The Bitzius family was a Swiss patrician family of Bern. Its members exercised political power in the Bernese city-state in the 16th and 17th century. Its most prominent member was the writer Albert Bitzius, known as Jeremias Gotthelf.

== History ==
The family was established in Bern by Theodor Bitzius, probably a native of Lausanne, who became a citizen of Bern in 1522. The name is probably derived from Sulpitius. His son Theodor Bitzius (1534–1598) became a member of the state government (Kleiner Rat) in 1584; his many children established all subsequent branches of the family. The Bitziuses held senior legislative and governmental offices such as Landvogt or Schultheiss up until the first half of the 17th century. The last Bitzius to hold such offices was Abraham Bitzius (1614–1669).

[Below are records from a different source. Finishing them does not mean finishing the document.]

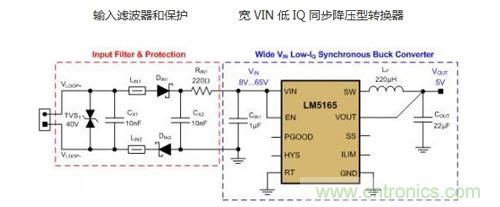 圖 2:脈沖頻率調(diào)制 (PFM) 同步降壓型轉(zhuǎn)換器原理圖,包括一個 EMC 濾波器和保護(hù)電路
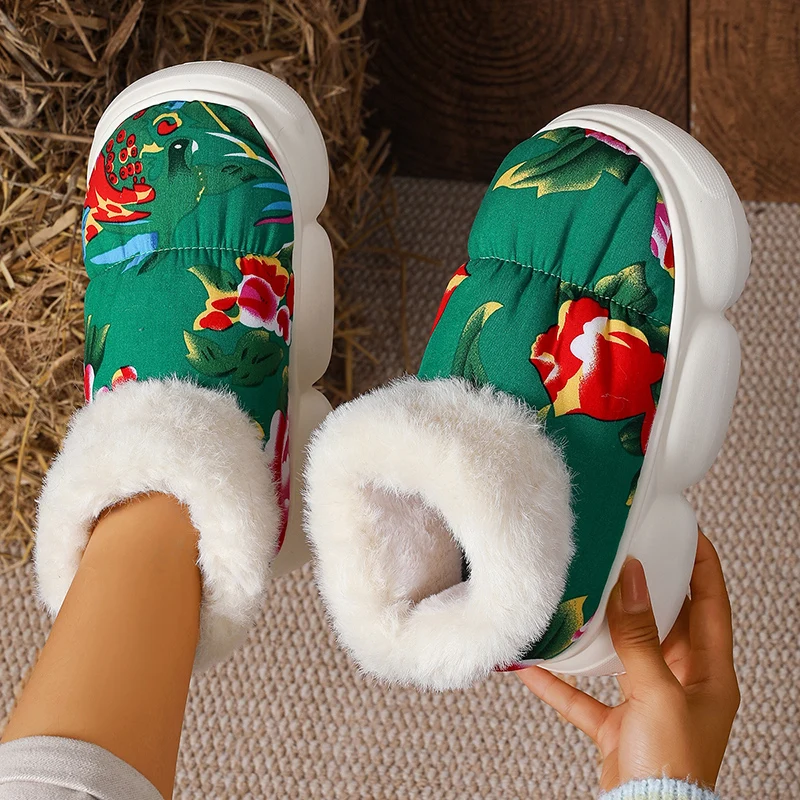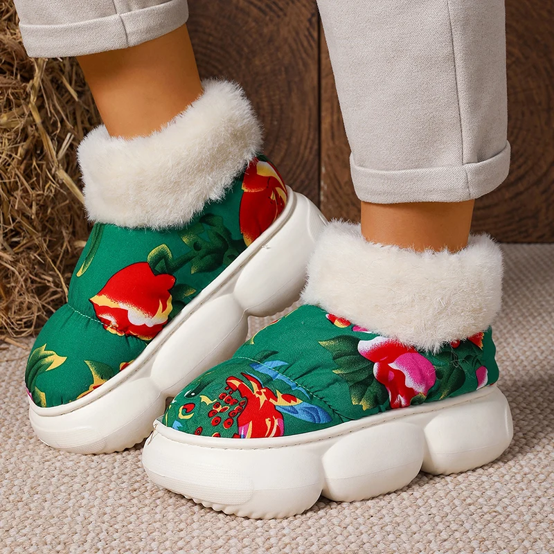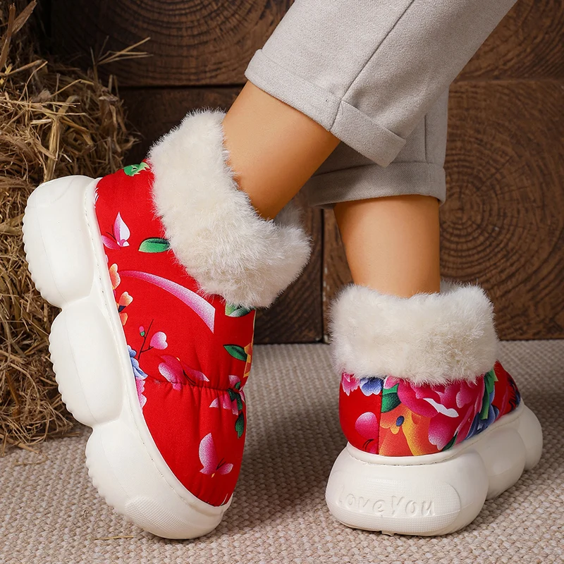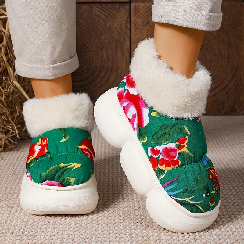 Stivali da neve stampati con fondo spesso per donna 2025 Scarpe invernali calde in cotone felpato Donna Comfort Chunky Platform Caviglia Botas Mujer
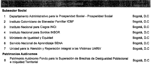 - La Contraloría Delegada para el Sector Inclusión Social ejercerá la vigilancia y control fiscal a los recursos del SGP referente a las Asignaciones Especiales (Resguardos Indígenas, Ribereños y FONPET) y a los recursos de Propósito General, Ubre Destinación y Libre Inversión.
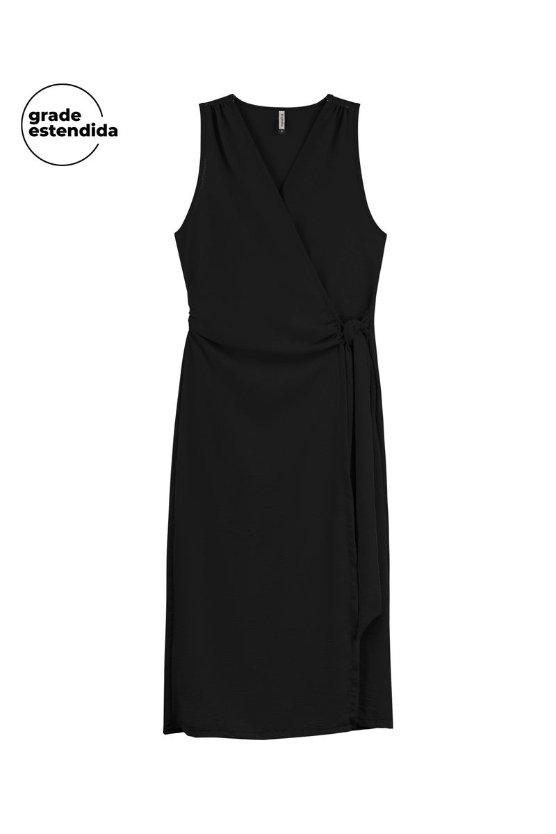 AdultoFemininoVestidos FemininoVestido Feminino Midi Transpassado com Amarração Marialícia Preto
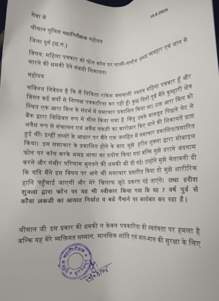 महिला पत्रकार द्वारा धमकी और फोन पर हुई बदसलूकी की घटना की शिकायत दुर्ग आई जी रामगोपाल गर्ग तथा दुर्ग एसपी विजय अग्रवाल से की गई है जिसे गंभीरतापूर्वक लेते हुए आई जी तथा एसपी ने मामले की जांच कर उचित कार्यवाही करने का आश्वाशन दिया है।
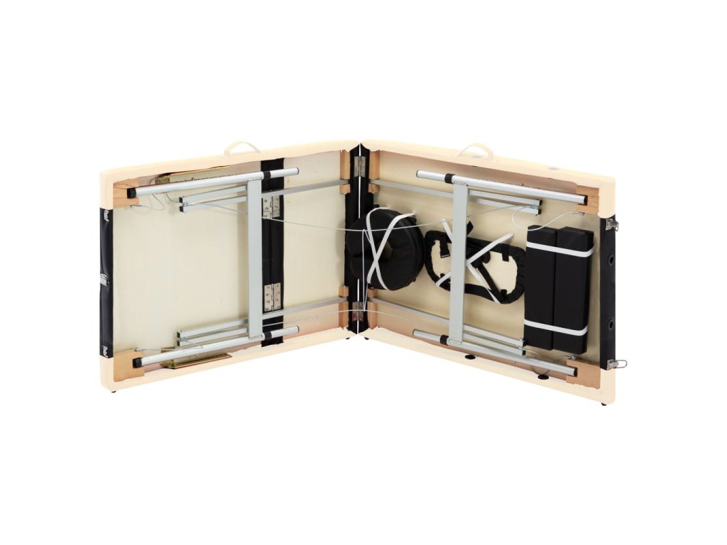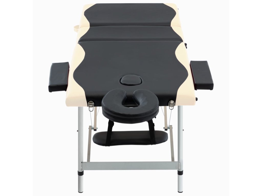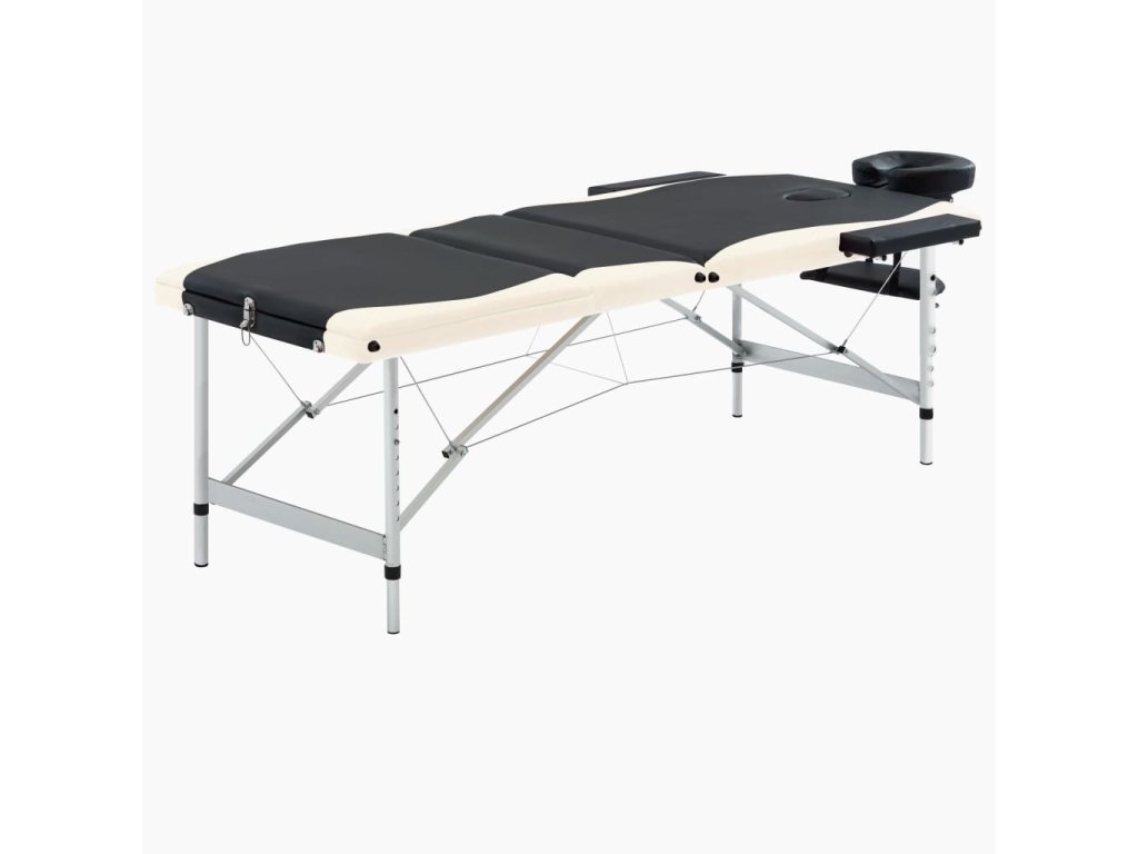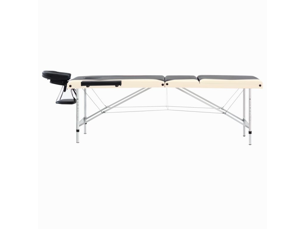 Skládací masážní stůl se 3 zónami hliník černý a béžový
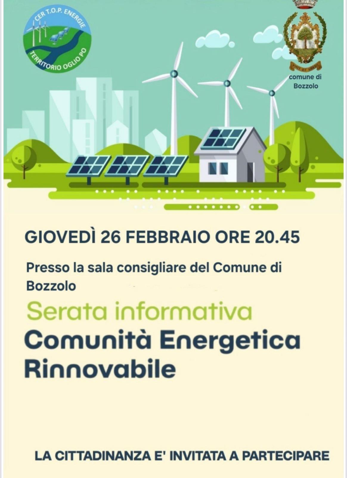 Giovedì prossimo, 26 febbraio, alle 20:45 si terrà presso la sala consiliare di Bozzolo un importante incontro di presentazione della comunità energetica solidale del territorio..
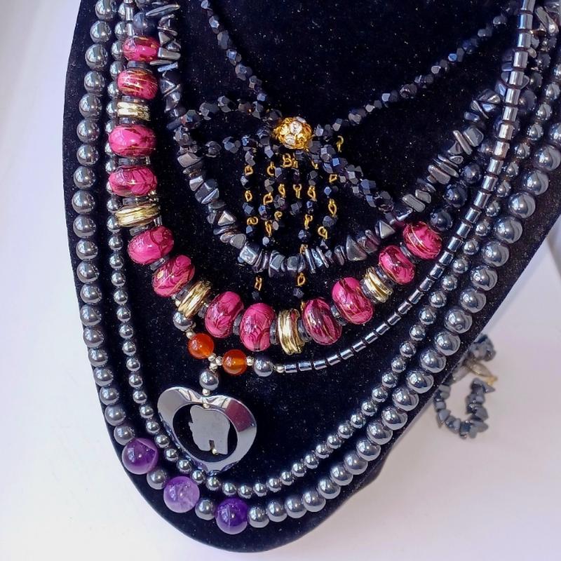 Ожерелья винтажные. Есть гематит, вулканический камень, аметист, шпинель. Все украшения приобретались в Германии. На каждом фото видны длину и цена. Если нужно - вышлю отдельно фото как выглядит на теле, или какой размер бусины.
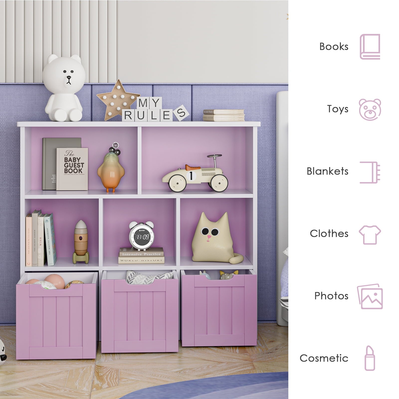 Homfa 5 Cube Toy Storage Organizer, Kids Geometric Bookcase with 3 Drawers, Pinkish Purple Finish
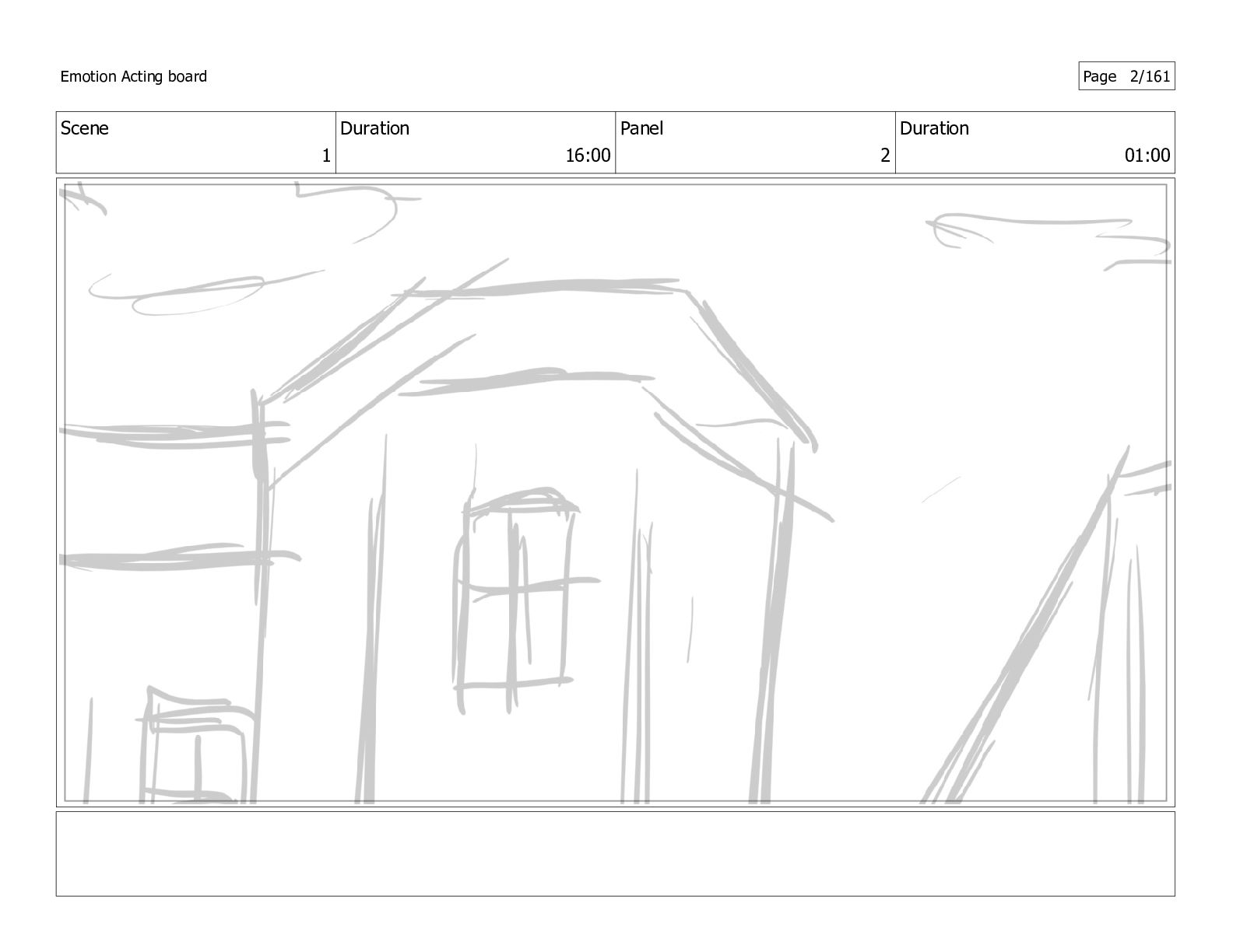 Scene 1 Duration 16:00 Panel 2 Duration 01:00 Emotion Acting
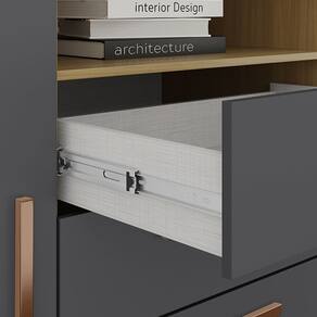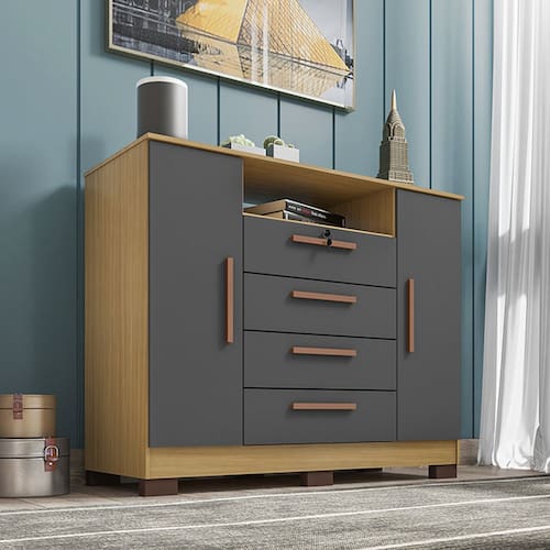 - Portas e Gavetas: 2 portas e 4 gavetas, oferecendo amplo espaço para armazenamento.

In the second half of the 17th century, the Bitzius family lost its patrician privileges (Regimentsfähigkeit). Many of its members became engaged in crafts and trades such as goldsmithing, and served as clergy. Albert Bitzius (1797–1854), who published as Jeremias Gotthelf, belonged to the fourth generation of Bitzius pastors. Other notable family members included Gotthelf's wife Henriette Bitzius-Zeender (1805–1872), their son Albert Bitzius (1835–1882, a leading liberal politician and pastor), and their daughter Henriette Rüetschi-Bitzius (1834–1890, a writer). The last male descendant of Theodor Bitzius died in 1988.